Amy and Beth sat having coffee. Beth murmured, “I don’t get it! Doesn’t Jack know he’s hurting me by going to that ballgame? He seems to irritate me on purpose. He never cares about how I feel. Do you know what he did the other night He? just doesn’t get it!”
What’s Beth’s problem?
She thinks it’s Jack. Surely he’s not totally faultless here, but she’s looking solely to her husband for her needs. Her main issue is discontentment.
A lot of times we don’t realize we’re trying to fill a hole. God in His kindness will bring circumstances into our lives to reveal what’s inside, to show us what’s missing.
So how do you know if you have a discontented heart?
Here are the Signs of Discontentment
- Preoccupied with what you don’t have—material or otherwise
- Never satisfied with anything or anyone
- Hard to please; critical
Ouch! And this isn’t even a complete list! Now I am not saying you are a discontented person if you occasionally experience these things. But it’s so important to self-evaluate instead of avoiding the truth.
So take a good look at that list and be honest.
As discussed last time, discontentment occurs when our needs are unmet or we dislike our circumstances. But there can be a few other possible explanations for our dissatisfaction.

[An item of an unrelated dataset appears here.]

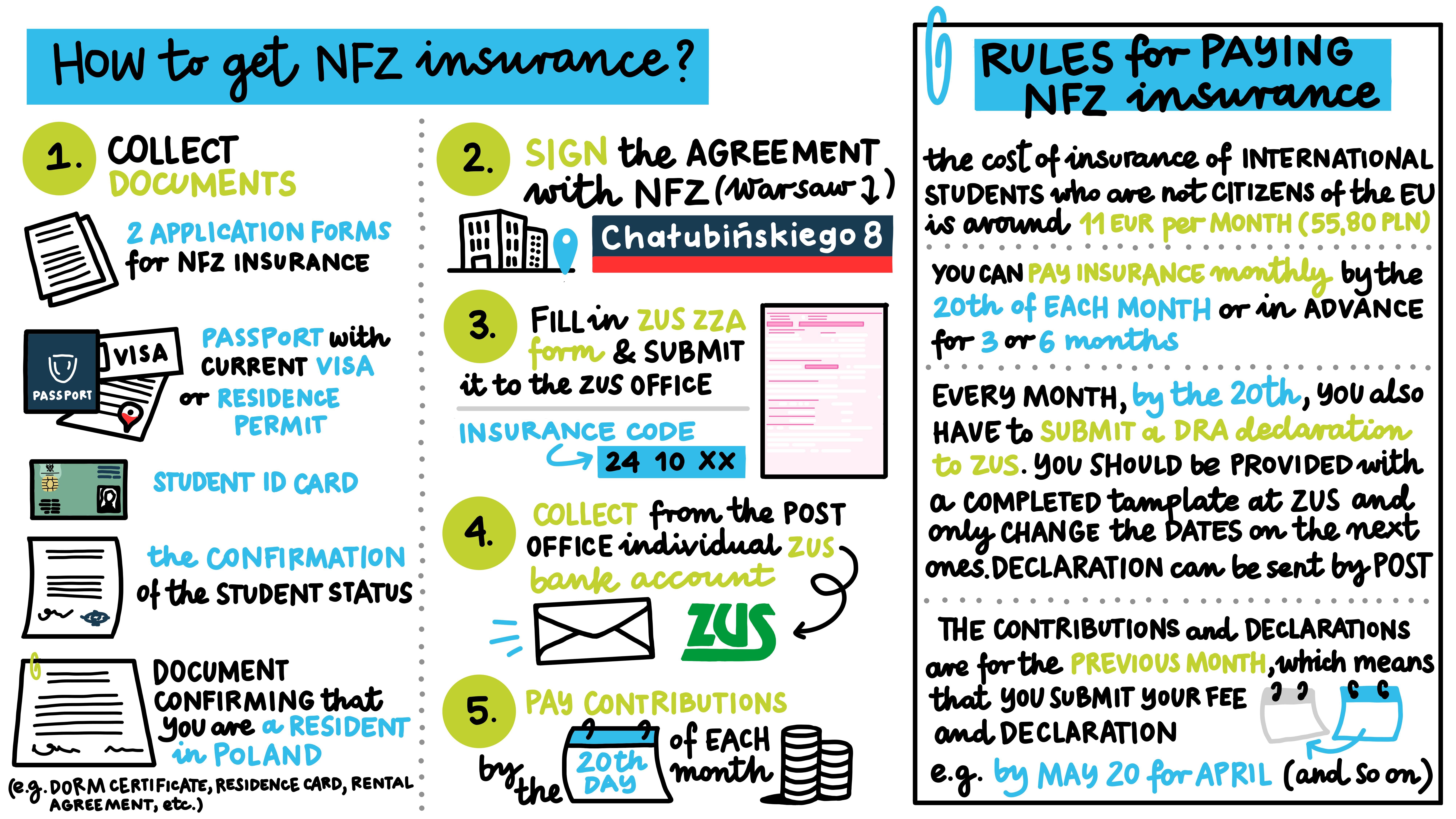 To be insured, you have to sign a contract with the National Health Fund (NFZ – Narodowy Fundusz Zdrowia) and submit a copy of the contract to the Student Welfare and Support Office along with:
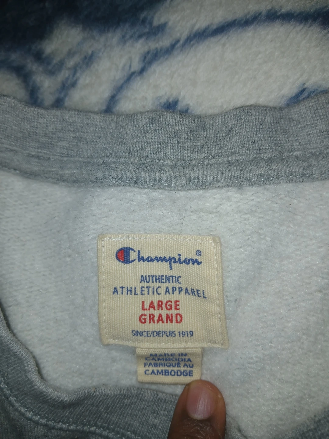 Champion authentic athletic apparel crewneck sweatshirt in grey. It's a size large with a large embroidered Champion logo on the front. This sweatshirt is made from a comfortable fabric blend.

~Loss of something important
Whenever we lose someone or something—a loved one, friend, job, home, special memento—there will be automatic sadness; grief. A hole has developed. This is when we must be careful not to run ahead of God to fill that vacuum on our own.
Sometimes we’re discontent because we are simply filled with ourselves instead of Christ. In and of ourselves nothing good resides. But if we are abiding in Christ, we will experience all of His goodness, joy, peace (fruit of the Spirit) for He is dwelling in us.
For in him we live and move and have our being. (Acts 17:28)
~Faulty belief system
A belief is something we regard as true—even if it’s not. Our belief system determines our attitude and outlook on life. Incorrect thinking is always at the core of discontentment.
For example, wrong beliefs about who’s in control, expectations, or entitlement often lead to unfulfillment.
This one might surprise you.
If we fill our need or desires on our own, God might take away our satisfaction (see Hag 1:3-11; Num 11). Our needs may be filled but it’ll feel empty.
On the other hand, He can fill an apparent need without tangibly filling it. He does so supernaturally all by Himself!
For you know that it was not with perishable things such as silver or gold that you were redeemed from the empty way of life handed down to you from your forefathers, but with the precious blood of Christ, a lamb without blemish or defect. (1 Peter 1:18-19)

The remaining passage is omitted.